Josephine Hall is a writer and artist, currently based in Brighton. She works primarily with words, but enjoys experimenting with other artforms and collaborating with artists and musicians. Josephine writes poetry, life writing, articles, essays, songs and has recently started writing her first novel. Her creative work tends to explore themes such as belonging, journeying, healing, connecting with nature and the Black/mixed-race experience. She endeavours to make work that is honest, accessible and amplifies marginalised voices, particularly those from the global majority. Josephine was mentored by Katy Massey and Akila Richards.

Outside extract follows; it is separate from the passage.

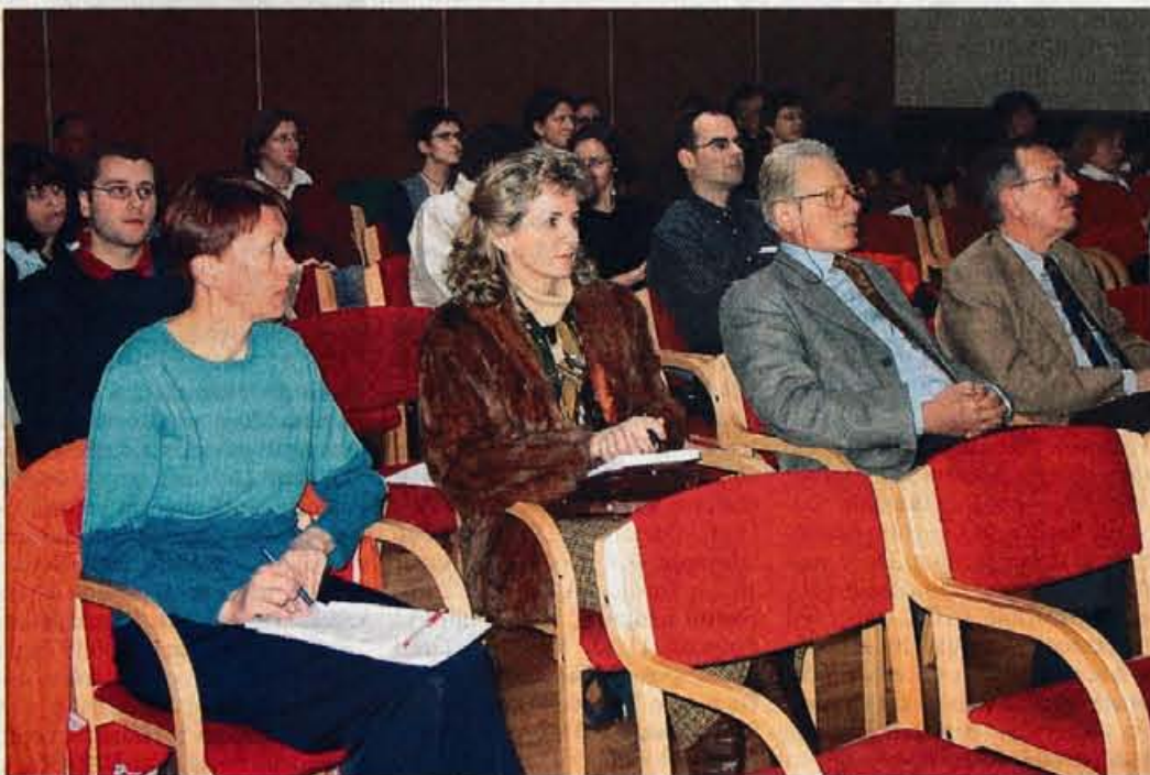
Na Ažmanovih dnevih so se zbrali številni slovenski zdravniki - reševalci.

V petek zvečer so imeli udeleženci srečanje Medcom IKAR skupen program s slovenskimi zdravniki, udeleženci tradicionalnih Ažmanovih dnevov, ki so redna strokovna srečanja, na katerih

Jess Murrain is an interdisciplinary creative, working mainly in theatre, film and live performance. She is co-founder of Theatre with Legs, an experimental performance making company. Her poetry has appeared in Perverse, Powers Press, Queerlings, Tentacular and Under the Radar. She won this year's Ledbury Poetry Competition and the 2021 Silver Poetry CF Writers’ Award. She is also a member of the Southbank Centre’s New Poets Collective. Her debut One Woman-Horse Show is forthcoming with Bad Betty Press. Jess worked with Gboyega Odubanjo.
Saira Niazi is a writer, poet and renegade guide. Over the years, she has worked on various writing projects and self-published several books. Her latest book, On Belonging, Reflections of a Regenade Guide, explores ways in which spaces can connect us to ourselves and to each other. Saira worked with Denise Saul.